Lange war unklar, ob Fredy Fässler (64) je ins Amt zurückkehrt. Auch er selbst konnte nur hoffen. Der Regierungspräsident des Kantons St. Gallen ist vergangenen Oktober schwer gestürzt und lag mehrere Wochen im Spital, danach kam er in die Reha. Doch er kämpfte sich zurück. Seit Anfang Mai kann der SP-Politiker wieder die Regierungssitzungen leiten. In seinem Büro in der St. Galler Innenstadt empfing er Blick zu einem sehr persönlichen Interview.

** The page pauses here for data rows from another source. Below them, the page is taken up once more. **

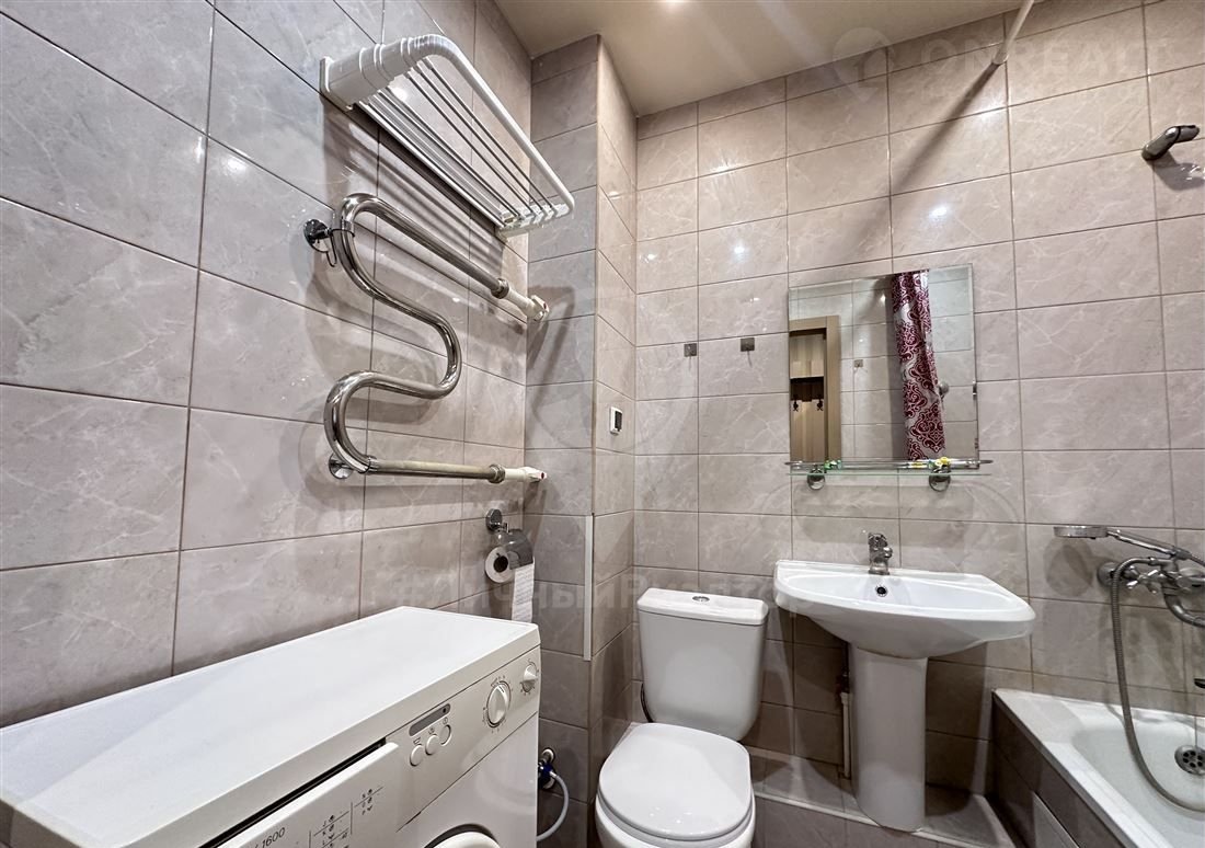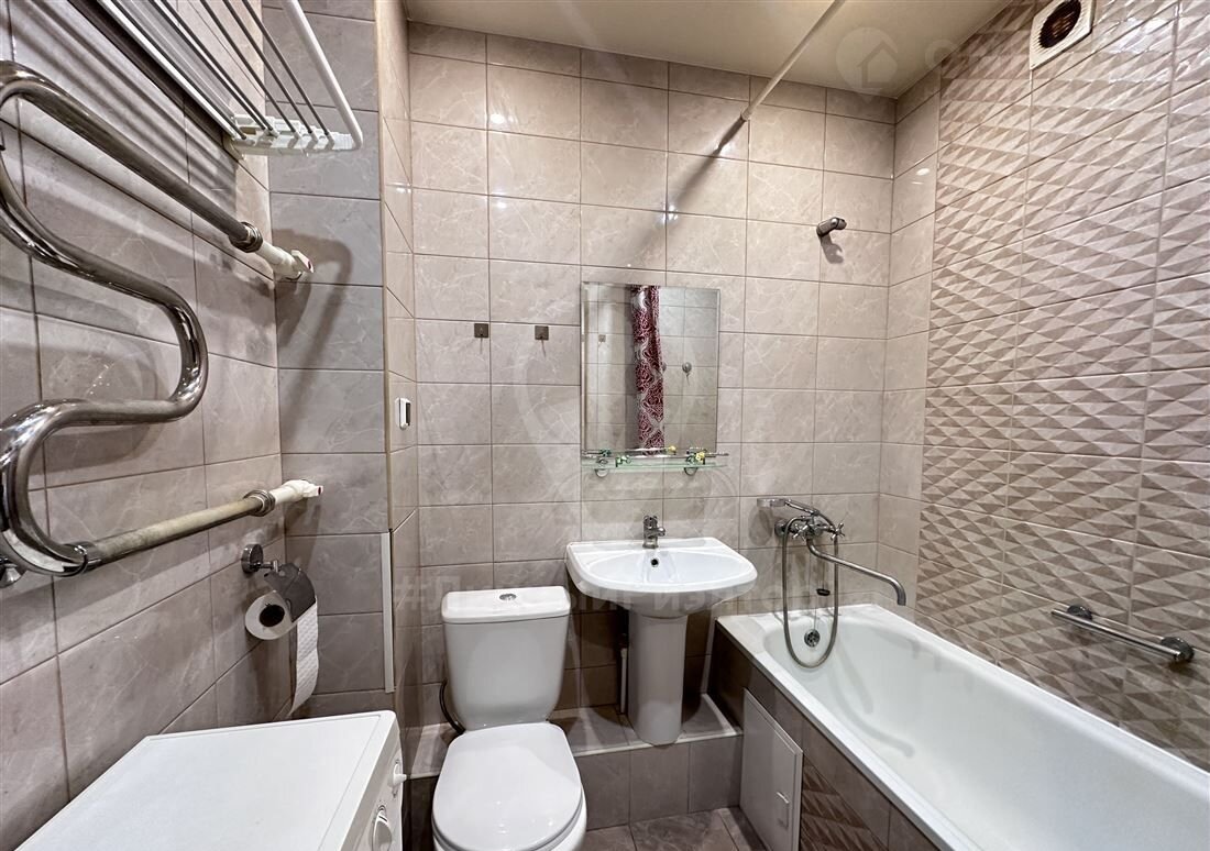 САНУЗЕЛ совмещенный с большой ванной. Здесь же разместилась "домашняя помощница" - стиральная машинка.
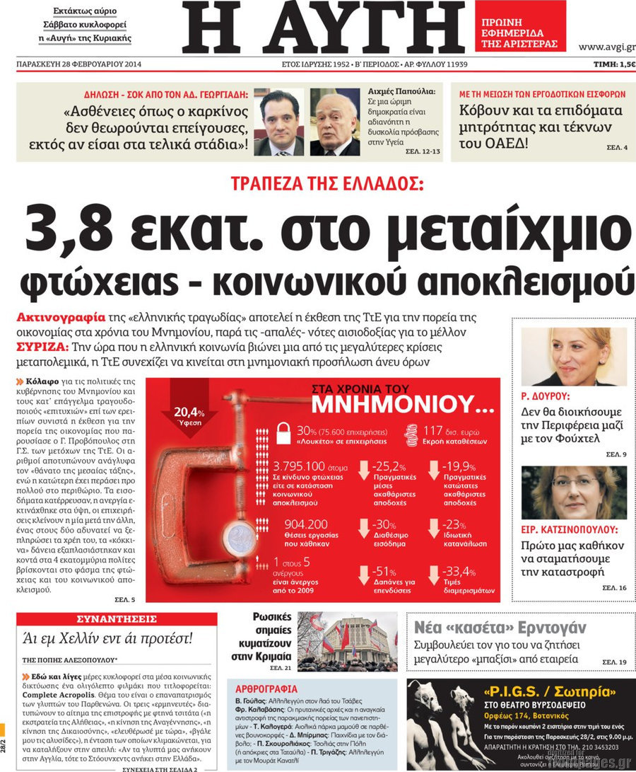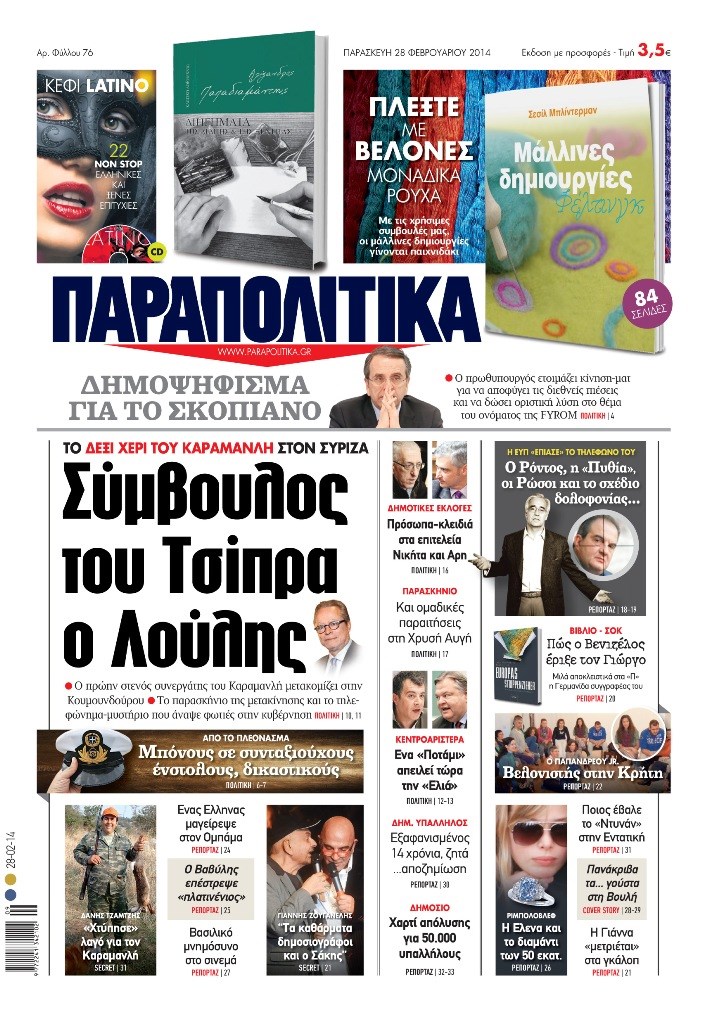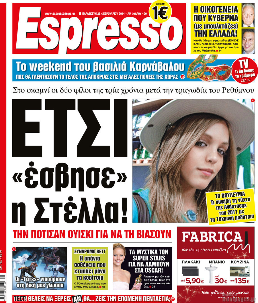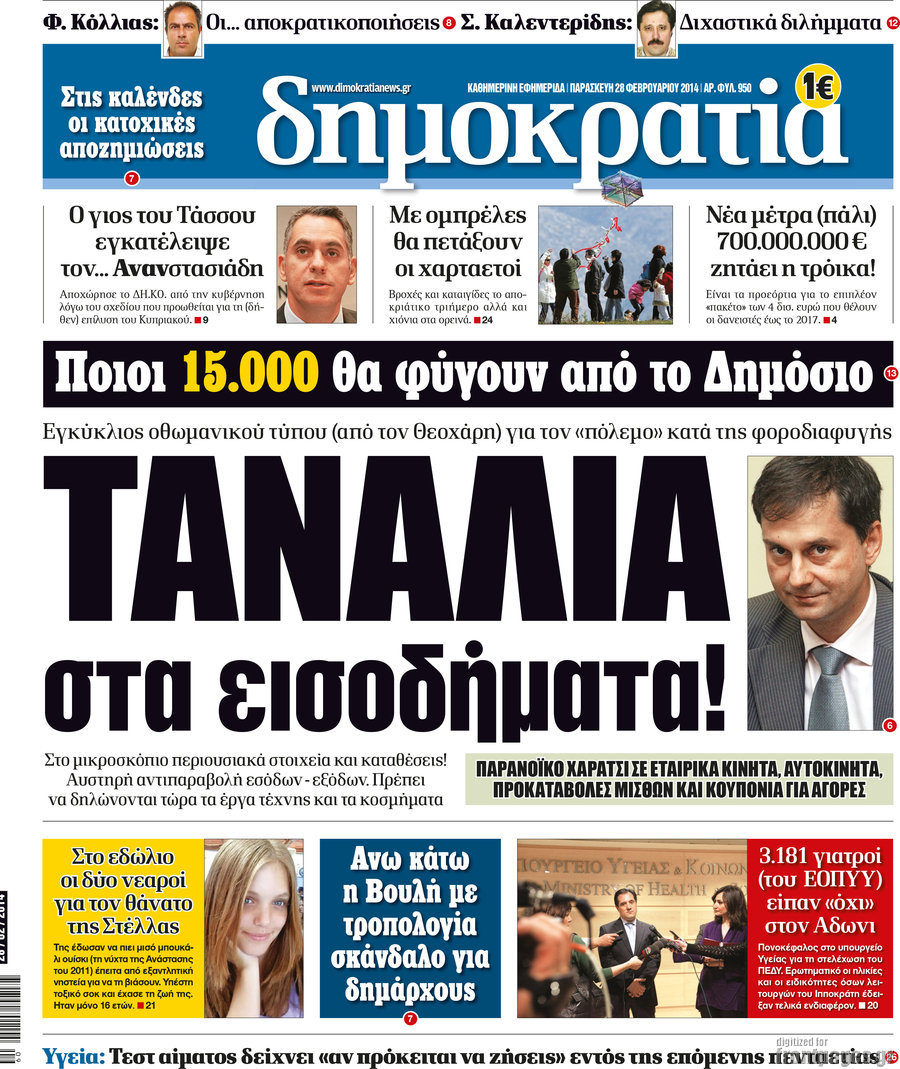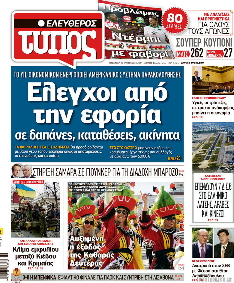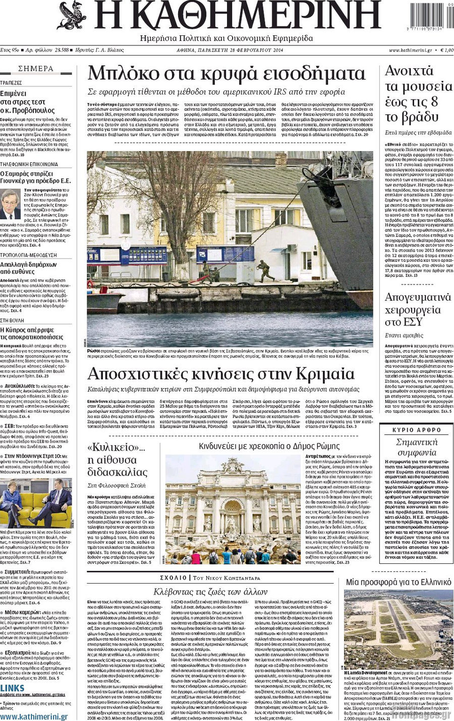 Οι πολιτικές εφημερίδες Enikos Newsroom 08:38, Παρασκευή 28 Φεβρουαρίου 2014 Media Οι πολιτικές εφημερίδες Διαβάστε τα πρωτοσέλιδα των πολιτικών εφημερίδων: ΕΦΗΜΕΡΙΔΕΣ ΠΟΛΙΤΙΚΕΣ ΕΦΗΜΕΡΙΔΕΣ ΠΡΩΤΟΣΕΛΙΔΑ Μοιράσου το: σχολίασε κι εσύ (0 σχόλια) Ακολουθήστε το enikos.gr στο Google News και μάθετε πρώτοι όλες τις ειδήσεις Δείτε όλες τις τελευταίες ειδήσεις από την Ελλάδα και τον Κόσμο στο enikos.gr Ειδήσεις Ροή Ειδήσεων 4 ώρες πριν Πώς δρούσε το κύκλωμα που διακινούσε ναρκωτικά σε σχολεία – Υπέβαλαν σε βασανιστήρια όσους δεν τηρούσαν τους «κανόνες πειθαρχίας» 4 ώρες πριν Αγρότες: Γιορτές στα μπλόκα με ανοιχτά διόδια – Δικογραφία στα Ιωάννινα για το σήκωμα των μπαρών 3 ώρες πριν Ζελένσκι: Οι Αμερικανοί πρότειναν συνάντηση Ουκρανίας, ΗΠΑ, Ρωσίας στο Μαϊάμι 2 ώρες πριν Τραμπ: Πώς περνάει τις γιορτές των Χριστουγέννων – Τα δώρα που κάνει στα εγγόνια του 3 ώρες πριν Μικαέλα Μπέντχαους: Ο πρώτος άνθρωπος σε αναπηρικό αμαξίδιο που ταξίδεψε στο διάστημα – ΒΙΝΤΕΟ 4 ώρες πριν Η τύχη χαμογελά σε 3 ζώδια έως τις 28 Δεκεμβρίου – «Προσέξτε τις επιλογές σας και η επιμονή σας θα ανταμειφθεί» 5 ώρες πριν Μία ανεκμετάλλευτη πηγή θα μπορούσε να προσφέρει ανεξάντλητη ενέργεια – Οι επιστήμονες ίσως γνωρίζουν πώς να την ξεκλειδώσουν 1 ώρα πριν Μήπως οι γιορτές σας δεν είναι τόσο τέλειες; 7 χριστουγεννιάτικες συνήθειες που μαρτυρούν ότι μια οικογένεια είναι δυσλειτουργική 11 ώρες πριν Enerwave: Το νέο «ρεύμα» στη λιανική ενέργειας που αλλάζει την εμπειρία του καταναλωτή 9 λεπτά πριν Πέθανε η σπουδαία αρχαιολόγος Λίλα Μαραγκού – 20 λεπτά πριν Πώς να απαλλαγείτε από τη μυρωδιά του τηγανητού φαγητού: Το μυστικό βρίσκεται στην κουζίνα σας 25 λεπτά πριν Βλαχοδήμος: «Νιώθω καλά που είμαι σημαντικός για τη Σεβίλλη» – Τι είπε για τη Ρεάλ Μαδρίτης και τον Μπαπέ 34 λεπτά πριν Πρίγκιπας Ουίλιαμ: Μαγείρεψε παρέα με τον πρίγκιπα Τζορτζ για τους αστέγους – ΦΩΤΟ και ΒΙΝΤΕΟ 43 λεπτά πριν Επιχείρηση της Τροχαίας κατά της παράνομης στάθμευσης στο Νέο Ψυχικό – Τέσσερις συλλήψεις ENIKOS NETWORK Οι γυναίκες αποκαλύπτουν το πιο ελκυστικό πράγμα που μπορεί να κάνει ένας άνδρας Ομορφιά και αντιγήρανση: Ειδικοί μιλούν για συσκευές περιποίησης του δέρματος Θεοδωρικάκος: Εθνική στρατηγική για τους ημιαγωγούς – Πρώτο βήμα η χρηματοδότηση του πρώτου Κέντρου Ικανοτήτων, με 3,63 εκα... Επίδομα θέρμανσης: Μπαίνει η πρώτη δόση την Τρίτη – Οι επόμενες πληρωμές Χαρτογραφώντας το «σημείο χωρίς επιστροφή»: Για πρώτη φορά αποκαλύπτεται με λεπτομέρεια το ακανθώδες όριο της ατμόσφαιρας τ... Η Google καταργεί τη λειτουργία «dark web report» – Πώς θα μπορούν οι χρήστες να διαγράφουν τα δεδομένα τους περισσότερα 18:19 , Σάββατο 20 Δεκεμβρίου 2025 HOTΕΛ ΕΛVIRA: Η Ελβίρα μαθαίνει πως ο Χάρι μένει κρυφά στο ξενοδοχείο του Παντελή Συνεχίζονται οι εκλογές για πρόεδρο, στο νέο επεισόδιο της κωμικής σειράς του MEGA, HOTΕΛ ΕΛVI... 14:04 , Σάββατο 20 Δεκεμβρίου 2025 Η Realnews αυτής της Κυριακής (21/12/2025) Με τίτλο: «Ασπίδα προστασίας για την Ελλάδα» κυκλοφορεί, αυτήν την Κυριακή, η Realnews. Σημαντ... 12:53 , Σάββατο 20 Δεκεμβρίου 2025 Να μ’ αγαπάς: Το παρελθόν έρχεται στο φως – Καταιγιστικές εξελίξεις στα τελευταία επεισόδια του 2025 Ο Άγγελος αποκαλύπτεται, η Φωτεινή ανησυχεί για τον Λευτέρη και η Ζωή έρχεται αντιμέτωπη με το... 11:41 , Σάββατο 20 Δεκεμβρίου 2025 «Η αγάπη δεν χάνεται ποτέ»: Η μικρού μήκους ταινία κινουμένων σχεδίων που θέτει ερωτήματα για τη ζωή και τον θάνατο Ο θάνατος είναι ένα από τα πιο 
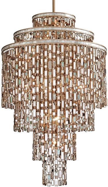 Corbett Ciro Collection: Corbett Lighting creates unique pieces that must be seen to be believed. With the craftsmanship of jewelry, the striking Ciro Collection uses glass, clasped within a metal frame.
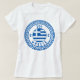 IOS, T-Shirt pour femmes de Grèce avec le drapeau national de la Grèce à l'intérieur d'un symbole de cercle motif grec antique. Profitez de porter ce T-shirt pendant que vous êtes en vacances sur la belle île d'IOS ou offrez-le comme souvenir cadeau.
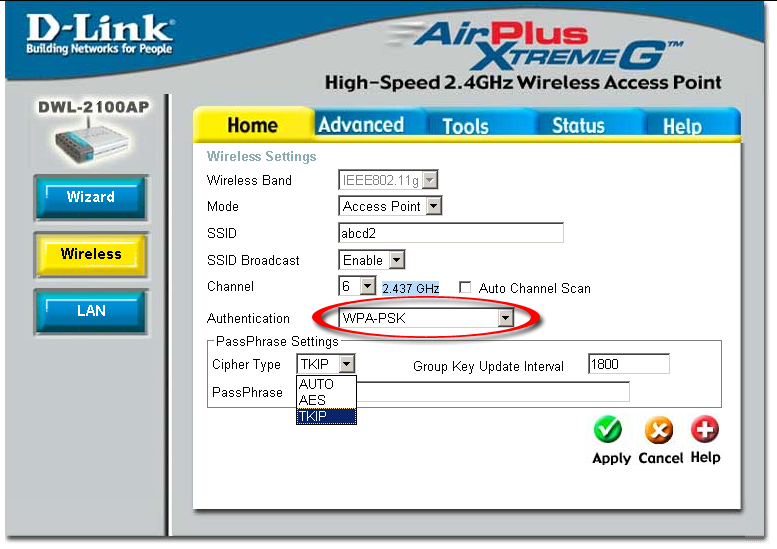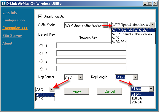 Устройство поддерживает только 152-бит WEP-шифрование, зато обеспечивает большой выбор настроек WPA-шифрования.
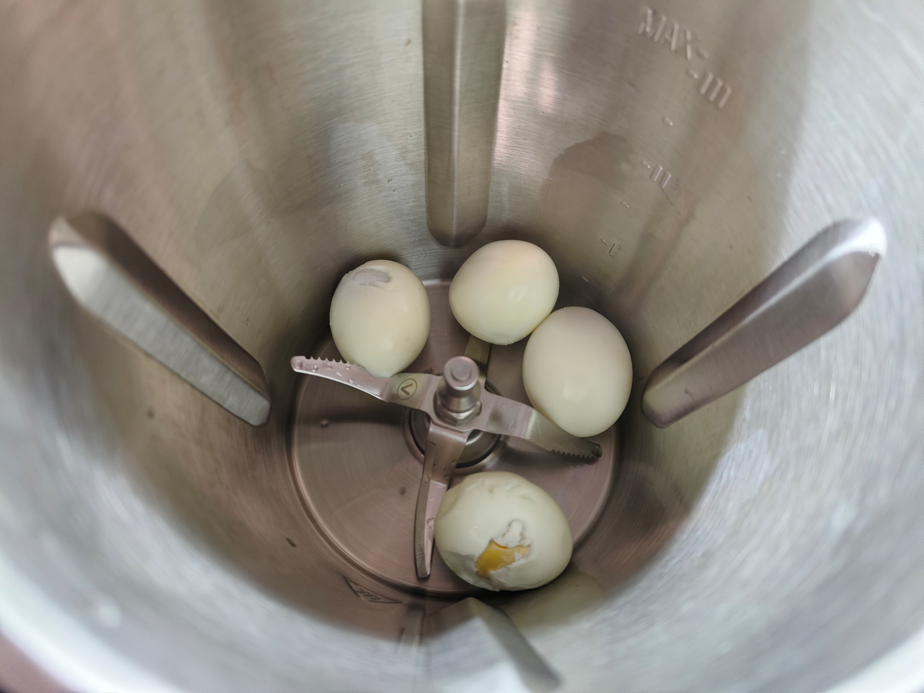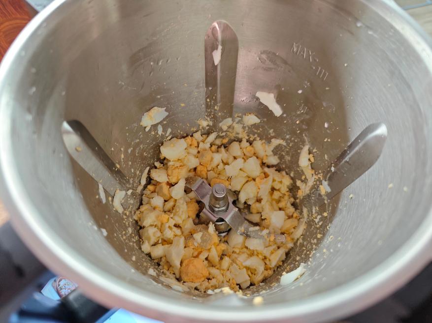 На этом этапе можно сэкономить время, и заранее положить яйца в нижнюю корзину (сито) — они сварятся вместе с овощами. По окончанию программы остужаем яйца и овощи, яйца добавляем в чашу робота и запускаем программу измельчения.
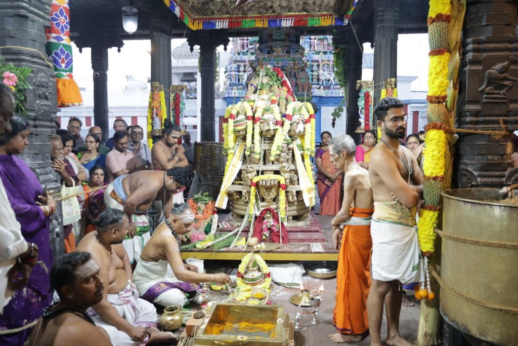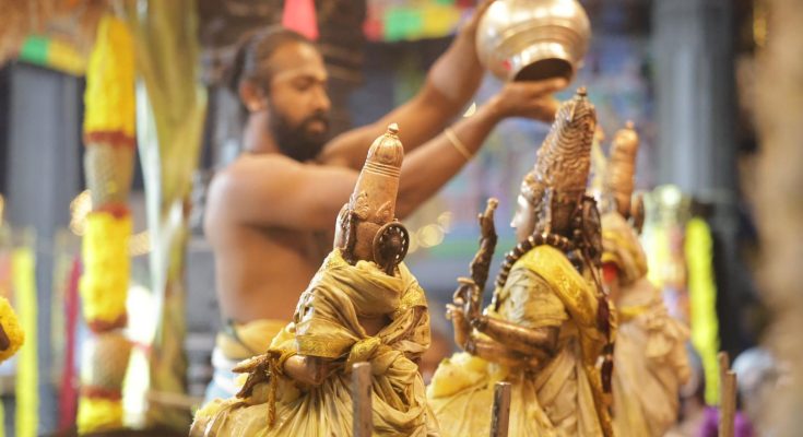 After this was done, the gods moved to the sanctum where the patrikai was read. A gentle invitation to the gods for the temple’s brahmotsavam, detailing all the events and the dates on which these would be held. One would call this similar to a ritual at a pre-wedding event.

Blick: Herr Fässler, was war Ihre erste Amtshandlung, als Sie nach fast einem halben Jahr Zwangspause wieder zurück ins Büro kamen? Erst einmal die hunderten von ungelesenen Mails checken?
Fredy Fässler:
Damit hatte ich schon zu Hause begonnen. Ich bin auch vorher schon ab und zu ins Büro gegangen, habe etwas aufgeräumt und Regierungsgeschäfte studiert. Aber ich versuche, es vorsichtig anzugehen. Die Neurologin hat mir die dringende Empfehlung gegeben, nicht zu steil einzusteigen. Daran will ich mich halten. Ich muss ja nicht an jede Hundsverlochete.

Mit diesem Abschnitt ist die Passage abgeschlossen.